Directions for this task: Should a picture appear anywhere in the data, omit it and copy everything else exactly.

Stored data:
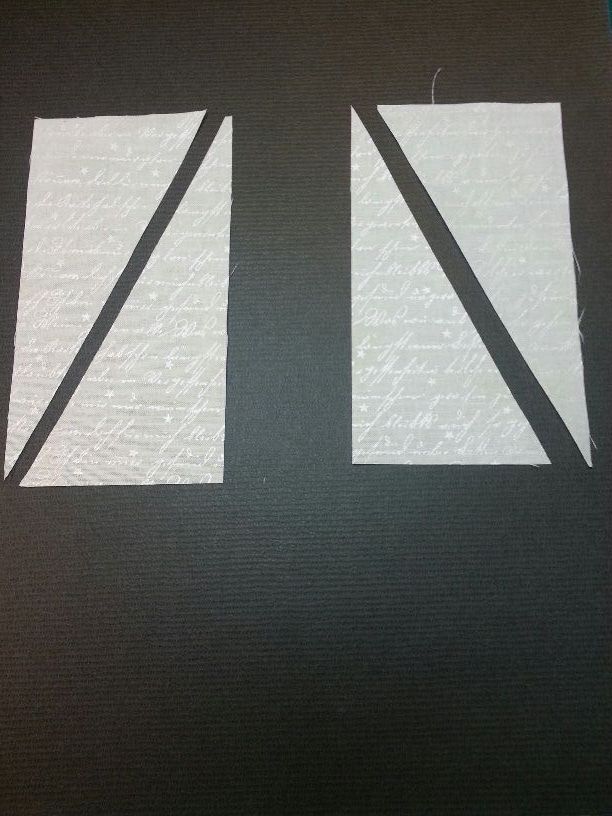 Diese einmal mit einem Rollschneider und Lineal gegengleich diagonal durchschneiden.
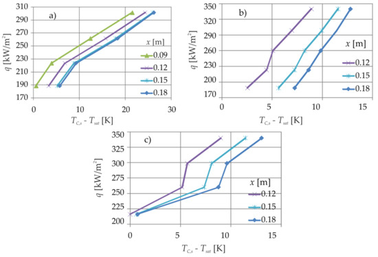 The shape of boiling curves presented in Figure 14 for various distances from the minichannel inlet is similar to the initial section of standard boiling curve. The curves originate with segments of steep dependence of the heat flux q versus the temperature difference TC, s − Tsat and flatten with further increase of that difference. This results from the growing vapor phase (void fraction) and approaching first boiling crisis. In the discussed experiment, the vapor was not superheated to prevent possible thermal damage of the research facility. Therefore, the boiling curves are limited to their initial segments.
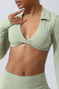 Meadow Mist Green Long Sleeve Collared Twist Neckline Cropped Gym Top

Answer section:
 Diese einmal mit einem Rollschneider und Lineal gegengleich diagonal durchschneiden.
 The shape of boiling curves presented in Figure 14 for various distances from the minichannel inlet is similar to the initial section of standard boiling curve. The curves originate with segments of steep dependence of the heat flux q versus the temperature difference TC, s − Tsat and flatten with further increase of that difference. This results from the growing vapor phase (void fraction) and approaching first boiling crisis. In the discussed experiment, the vapor was not superheated to prevent possible thermal damage of the research facility. Therefore, the boiling curves are limited to their initial segments.
 Meadow Mist Green Long Sleeve Collared Twist Neckline Cropped Gym Top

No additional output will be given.